- Exercise description -
Using only the entries below, copy exactly the lines that begin at the one with "3、进入桌面小组件页面后,选择想要添加的小组件,点击立即添加按钮。" and end at the one with "De uitgebouwde serre", both included. Drop the pictures.

START Dataset excerpts

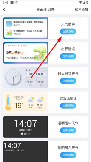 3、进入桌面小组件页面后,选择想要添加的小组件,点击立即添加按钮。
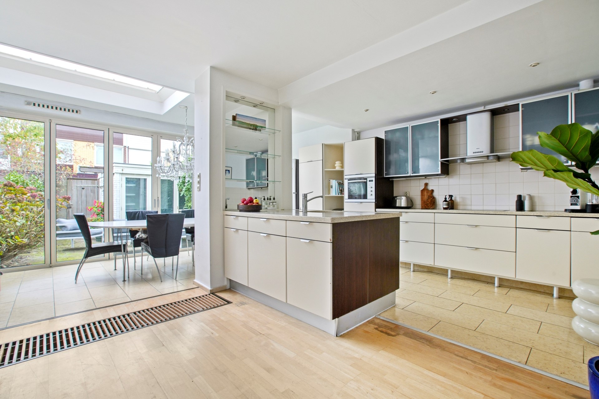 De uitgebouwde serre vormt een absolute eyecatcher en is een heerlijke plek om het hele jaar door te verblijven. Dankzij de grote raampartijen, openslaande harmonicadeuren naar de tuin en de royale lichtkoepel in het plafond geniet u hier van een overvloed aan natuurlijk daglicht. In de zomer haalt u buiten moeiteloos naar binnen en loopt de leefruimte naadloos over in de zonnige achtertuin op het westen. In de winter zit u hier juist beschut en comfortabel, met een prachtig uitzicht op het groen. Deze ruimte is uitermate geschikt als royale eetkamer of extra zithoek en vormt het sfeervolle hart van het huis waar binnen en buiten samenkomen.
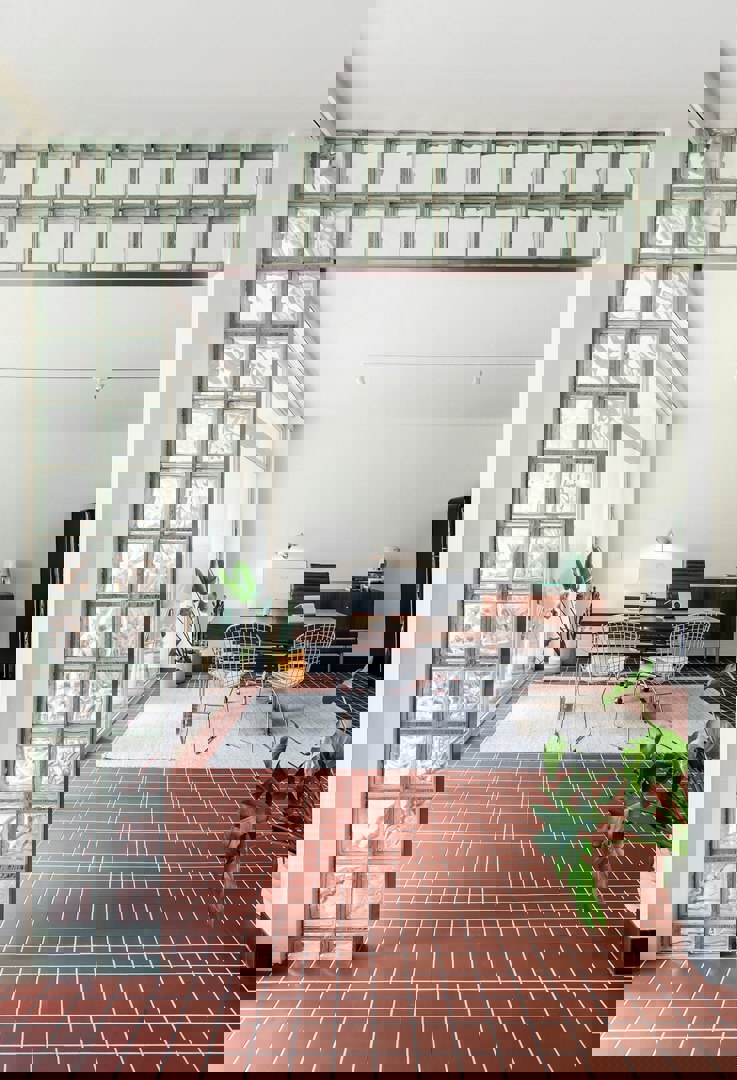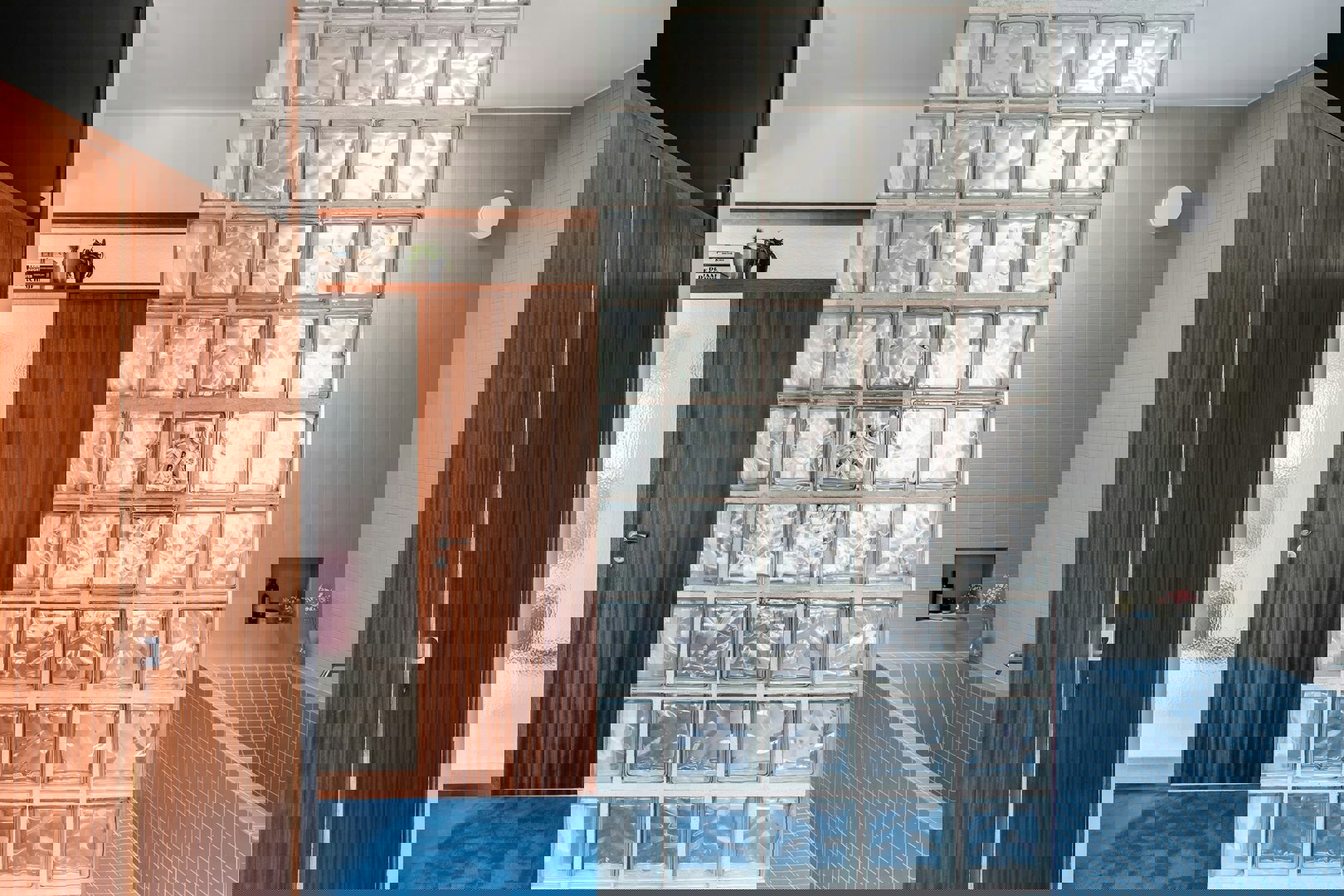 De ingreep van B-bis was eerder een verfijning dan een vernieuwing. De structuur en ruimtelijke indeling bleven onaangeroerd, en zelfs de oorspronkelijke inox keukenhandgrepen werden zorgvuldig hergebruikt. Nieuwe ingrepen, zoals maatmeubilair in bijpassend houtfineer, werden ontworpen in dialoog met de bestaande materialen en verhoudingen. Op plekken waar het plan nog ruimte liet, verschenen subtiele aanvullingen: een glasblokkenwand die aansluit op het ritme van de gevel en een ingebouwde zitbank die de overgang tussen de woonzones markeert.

END Dataset excerpts
START Dataset excerpts

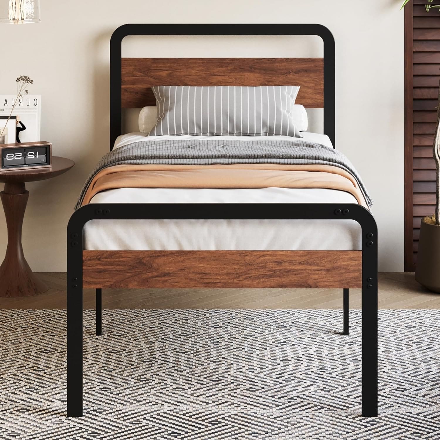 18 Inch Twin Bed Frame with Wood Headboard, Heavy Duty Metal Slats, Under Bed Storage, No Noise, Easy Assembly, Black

END Dataset excerpts

- Reply -
 3、进入桌面小组件页面后,选择想要添加的小组件,点击立即添加按钮。
 De uitgebouwde serre vormt een absolute eyecatcher en is een heerlijke plek om het hele jaar door te verblijven. Dankzij de grote raampartijen, openslaande harmonicadeuren naar de tuin en de royale lichtkoepel in het plafond geniet u hier van een overvloed aan natuurlijk daglicht. In de zomer haalt u buiten moeiteloos naar binnen en loopt de leefruimte naadloos over in de zonnige achtertuin op het westen. In de winter zit u hier juist beschut en comfortabel, met een prachtig uitzicht op het groen. Deze ruimte is uitermate geschikt als royale eetkamer of extra zithoek en vormt het sfeervolle hart van het huis waar binnen en buiten samenkomen.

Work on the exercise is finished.